Потом, когда я у русских классиков встречал описания нянечек, кухарок, прислуги, у меня все время перед глазами вставала Настя. Ну и, конечно же, Настасья из «Преступления и наказания» сразу напомнила мою няню. Не темпераментом, а скорее душевным строем. А еще позже, уже в университете, я прочел гениальную книгу Георгия Андреевича Мейера «Свет в ночи (о «Преступлении и наказании»). Опыт медленного чтения». «То, что олицетворяет собою эта, как принято говорить, “второстепенная фигура” в романе, – пишет Мейер, – преисполнено чрезвычайного значения. Повторяю, собственные имена даются Достоевским не случайно, они почти всегда отражают не характеры, не типы, а личность его персонажей. «Анастасия» означает «воскресение», и это надо теперь же запомнить. Настасья в «Преступлении и наказании» – один из важнейших символов матери сырой земли. Утверждаясь во зле, Раскольников тем самым надругивается над породившей его матерью-землей, но она по-прежнему любовно носит его на своем лоне, и ее символ, ее посредница – Настасья, простая, жалостливая деревенская баба, бездумно заботится о Раскольникове, порвавшем сознательно и злостно живую связь с людьми, ушедшем в гробный кокон».

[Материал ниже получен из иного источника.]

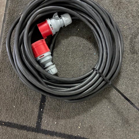 30 metrin pituinen ja 5-napainen voimajatkojohto. 16 A. Kaapeli 5 x 2,5 H07RN-F. Kotelointiluokka IP44.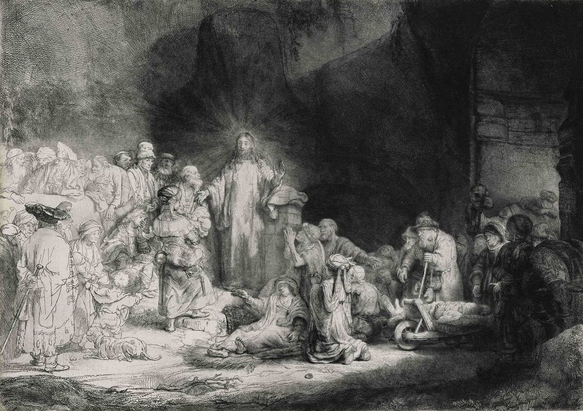 The mother under the painted balcony, carrying her son on her left arm, calls to mind the woman with child on the far right in the etching. They are both positioned at more or less the same location in the composition. An old, bearded man standing close to her and raising his hand to his chest is taken over by Ovens for the figure to the far left. His face in turn resembles that of the apostle Saint Peter in Rembrandt’s Hundred Guilder Print from circa 1648 (fig. 5).11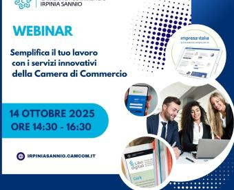 La Camera di Commercio Irpinia Sannio, in collaborazione con Infocamere, terrà un webinar per illustrare i servizi innovativi offerti dal sistema camerale per rendere più semplice, sicura ed efficiente, la gestione della tua impresa o di quella che gestisci in qualità di professionista.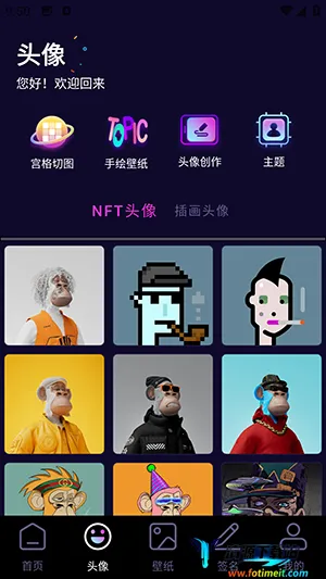 3. 汇聚丰富多样的内容,包括头像、壁纸、个性签名、插画头像等,全面覆盖多元潮玩美化需求。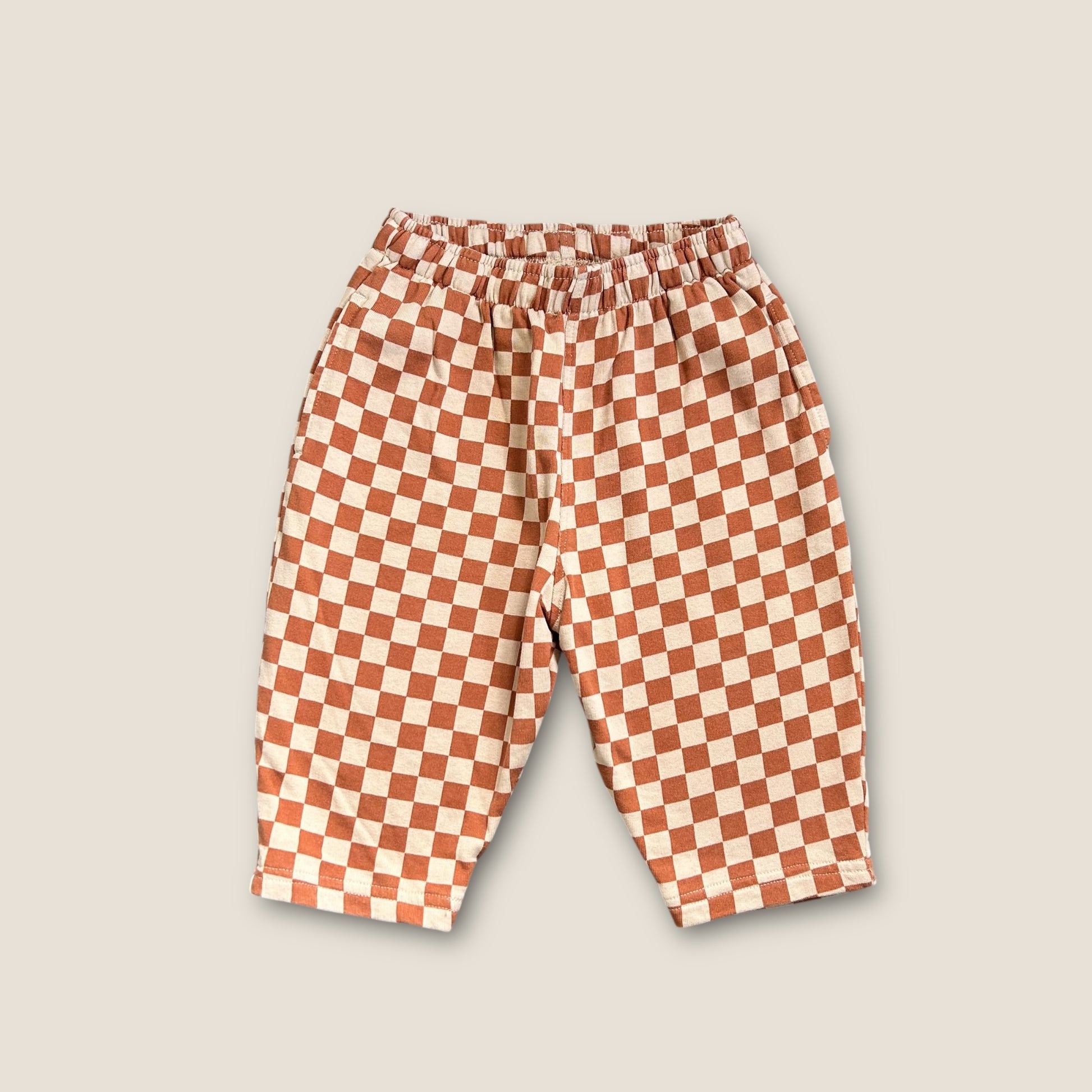 A super cool pair of checkerboard trousers in orange and beige. Balloon/wide fit sweatshirt fabric with drawstring waist. These could be unisex, pair them up with a baggy sweatshirt!

С Мейером, кстати, интересно вышло. Советские достоевсковеды его знали, но цитировали, не ссылаясь (Мейер – белый эмигрант, книжка вышла во Франкфурте в издательстве «Посев» в 1967 году). Дал мне его мой университетский учитель А. М. Б. Долго у меня хранилась ксерокопия. В девяностых я публиковал в «Независимой газете» фрагменты из Мейера, и ксерокс потерялся. Я твердил разным издателям, что Мейера нужно печатать, но всё без толку. Спустя лет десять как-то в разговоре я пожаловался Косте Бурмистрову (замечательному человеку, специалисту по иудаике и библиофилу), что скучаю я по «Свету в ночи», и он через своих знакомых букинистов в Германии книжку для меня достал. И она снова потерялась (кому-то дал почитать). Но вот теперь наконец она появилась в Интернете, о чем я торжественно и сообщаю тебе, Соломонов, и даю ссылку. Вот она – http://www.fedordostoevsky.ru/pdf/meier_1967.pdf.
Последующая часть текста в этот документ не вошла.